Given a sample \(\mathbf{x}\in\mathcal{X}\) from some \(F\in\mathcal{F}=\{F(x\mid \theta):\theta\in \Theta\}\) determine a plausible value for \(\theta\) (or some function \(\psi(\theta)\)) from \(\mathbf{x}\).

The procedure

Select a statistic \(T(\mathbf{X})\) such that \(\Theta\subset T(\mathcal{X})\). Call \(T(\mathbf{X})\) an estimator and use any observed value \(T(\mathbf{x})\) as an estimate of \(\theta\).

Pending issues

For any given parameter, many estimators can always be proposed. How to choose between them?

It is not possible to evaluate estimates. So, some properties of any candidate estimator must be known beforehand.

Some properties of estimators

Finite sample properties

Minimal sufficiency

Nice, but . . . it can be impossible.

Bias

\[Bias_{\psi(\theta)}[T\mid\theta]=E[T\mid\theta] - \psi(\theta)\]

Efficiency

\[\begin{split} MSE_{\psi(\theta)}[T\mid\theta] & = E[(T -\psi(\theta))^2\mid\theta]= \\ \\& = Var[T\mid\theta]+Bias^2_{\psi(\theta)}[T\mid\theta]\end{split}\]

The MSE represents a compromise between:

accuracy (measured by \(Bias_{\psi(\theta)}[T\mid\theta]\)) and
precision (measured by \(Var[T\mid\theta]\)).

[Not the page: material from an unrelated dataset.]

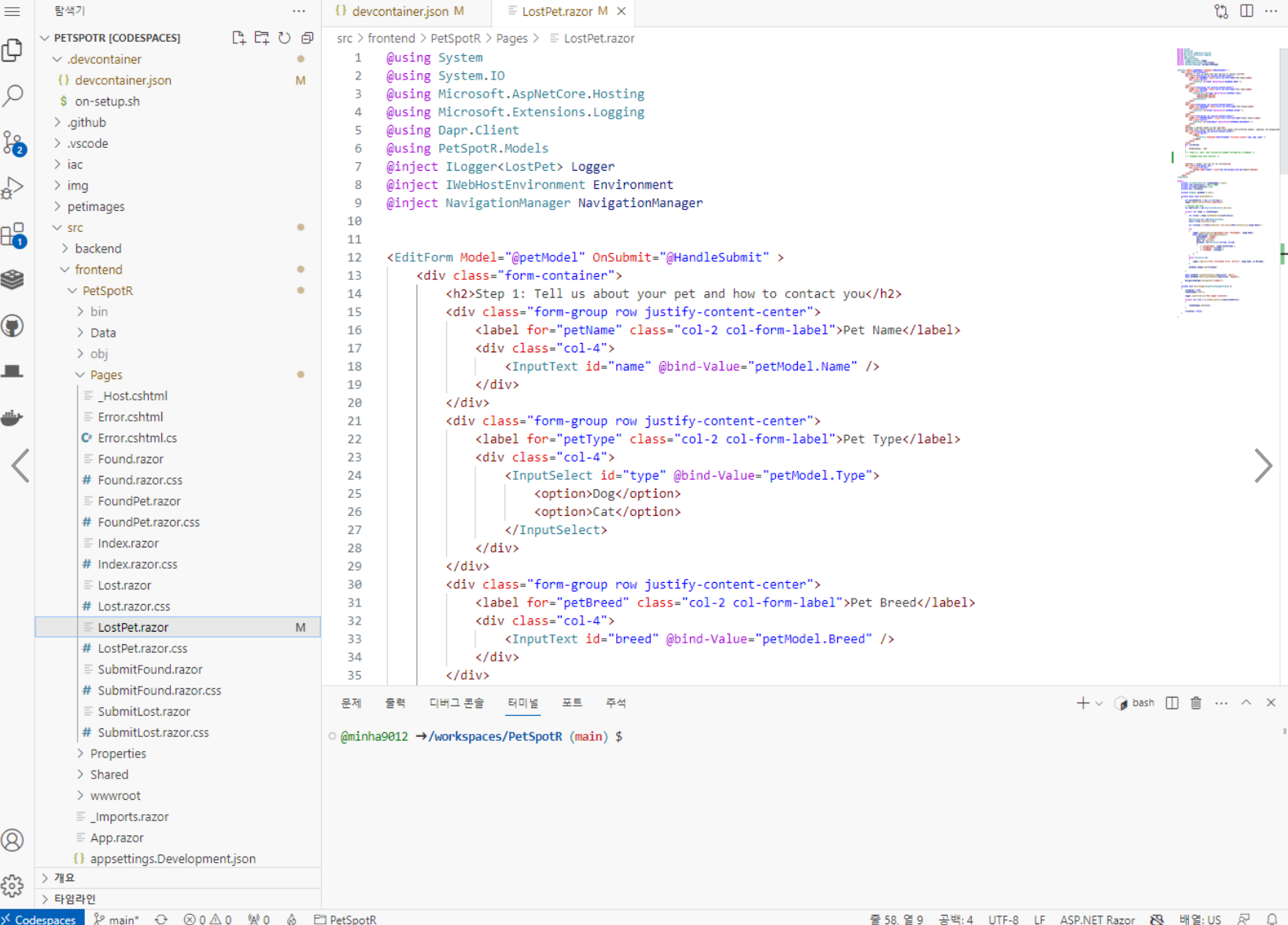 Codespaces 데모 레포 : https://github.com/gh-productivity-workshops/PetSpotR

The relative efficiency of \(T\) and \(U\):

\[e(T,U\mid\theta)=\frac{MSE_{\psi(\theta)}[T\mid\theta]}{MSE_{\psi(\theta)}[U\mid\theta]}\]

Asymptotic properties

Consistency

\(T\) is consistent for \(\psi(\theta)\iff\left\{T_n\right\}_{n\in\mathbb{N}} \mathrel{\mathop{\xrightarrow{n\rightarrow +\infty}}}\psi(\theta)\)

Theorem If \(\displaystyle{\lim_{n\rightarrow +\infty}Bias_{\psi(\theta)}[T_n\mid\theta]=\lim_{n\rightarrow +\infty}Var[T_n\mid\theta]=0}\) then \(T\) is consistent for \(\psi(\theta)\).

Asymptotic efficiency
Asymptotic normality

Compare \(S^2_n\) and \(S^2_{n-1}\) as estimators of the parameter \(\sigma^2\) from \[\mathcal{F}=\{N(\mu,\sigma^2):\mu\in \mathbb{R},\; \sigma^2\in\mathbb{R}^+\}\] according to some of its properties.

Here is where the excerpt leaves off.